Meanwhile, in space:
Russian cosmonauts say watched Ukraine crisis from space
MOSCOW. Oct 4 (Interfax-AVN) - Russian cosmonauts Aleksandr
Skvortsov and Oleg Artemyev, who have returned to Earth after a
six-month stay aboard the International Space Station, said they had
been following developments in Ukraine but had no political arguments
with fellow astronauts from the United States or Japan.
"We didn't have any politics there. Our colleagues and ourselves
realized that the International Space Station was probably the only
point of contact where we would be able to cooperate, with America in
particular: No matter how badly we row on Earth, this project survives,
and, thank God, we have enough brains not to destroy it and to remain
friends," Artemyev said in answering a question from Interfax at what
was the two cosmonauts' first news conference after their return.
"There are no borders up there," he said.
Good morning. Morning update from our news desk on the fighting around Donetsk:
Heavy fighting has been continuing in eastern Ukraine amid attempts by pro-Russia rebels to capture the Donetsk airport despite a month-old cease-fire.
Ukrainian military spokesman Andriy Lysenko said on October 4 that 12 separatists were killed, along with two government soldiers, during failed assaults on the facility over the previous 24 hours.
Artillery and rocket barrages in the battle have been intensifying during the past week, with separatist fighters also using tanks to fire salvos at the airport’s main terminal.
Donetsk, is eastern Ukraine's largest city and the separatists' main stronhold, but the airport has remained under the Ukrainian government's control.

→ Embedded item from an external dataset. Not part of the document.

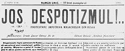 Rakovsky was drawn into a polemic with the Romanian authorities, facing public accusations that, as a Bulgarian, he lacked patriotism;[15] in return, he commented that, if patriotism meant "race prejudice, international and civil war, political tyranny and plutocratic domination", he refused to be identified with it.[26] Upon the outbreak of Romanian Peasants' Revolt of 1907, Rakovsky was especially vocal: he launched accusations at the National Liberal government, arguing that, having profited from the early antisemitic message of the revolt, it had violently repressed it from the moment peasants began to attack landowners.[8] Supportive of the thesis according to which the peasantry had revolutionary importance inside Romanian society and Eastern Europe at large,[2] Rakovsky publicized his perspective in the socialist press (writing articles on the subject for România Muncitoare, L'Humanité, Avanti!, Vorwärts and others).[2] Rakovsky was also one of the journalists suspected of having greatly exaggerated the overall death toll in their accounts: his estimates speak of over 10,000 peasants killed, whereas the government data counted only 421.[27]

The Donetsk city council meanwhile said an artillery attack on the city on October 4 claimed two civilian lives, describing the local situation as "tense."
Neither side has been willing to implement the cease-fire by pulling back from the battle to create a 15-kilometer buffer zone between front lines.
This concludes our live-blogging of the Ukraine crisis for Saturday, October 4. Please check back in the morning for our continuing coverage.
From RFE/RL's News Desk:
Germany’s Ministry of Economic Cooperation and Development says it has sent a humanitarian aid convoy of more than 100 trucks to war-torn eastern Ukraine.
Economic Cooperation Minister Gerd Mueller said in a statement that the convoy is due to arrive in eastern Ukraine in mid-October.
He said the convoy is transporting mobile homes, field kitchens, radiators, electrical power generators, water and fuel tanks, winter clothing, bedding, camp beds, and hygiene kits.
Mueller said the humanitarian aid is estimated to be worth about $12 million and is meant “to send a signal of solidarity” that the people of Ukraine can count on Germany “as a reliable partner.”
The convoy is being accompanied by Polish police and fire services. It is due to cross from Poland into Ukraine early on October 7.
From the German news agency dpa:
In Mariupol, a port city 115 kilometers south of Donetsk, Russia and international monitors began work on Saturday determining the borders of a 30-kilometer buffer zone on the front line.
"The route of the mission is not being released for security
reasons," city spokesman Dmitri Gorbunov said.
The mission involving the two countries and the Organization for
Security and Cooperation in Europe (OSCE) was agreed on in September along with the cease-fire.
The warring parties are to withdraw heavy weapons and high-caliber artillery out of the buffer zone, according to the agreement.
The OSCE is to monitor compliance with the help of drones.
From Interfax:
Activists on Saturday pulled a Ukrainian folk shirt of a huge size over a statue of Vladimir Lenin in Zaporizhzhya in a bid to prevent the 20-meter-high monument from being pulled down by nationalist rioters and thereby stop potential violent attacks on them from admirers of the Bolshevik leader.
A crane was used to pull the white embroidered shirt over the statue. The sides of the marble pedestal were adorned with a traditional ornamental pattern.
"It's not for the sake of any reaction that I was doing this -- I'm not running for any elected office," one of the authors of the project, journalist Yury Hudymenko, told Interfax. "There's only one kind of reaction that I expect: to stop this monument from being pulled down at this specific moment. That is the only result I'm pressing for. If the authorities want to listen to my recommendations and put up a plaque there listing Lenin's crimes against the Ukrainian people, I would probably be satisfied," he said.
The authors of the project want a legal decision on the future of the monument by the local authorities.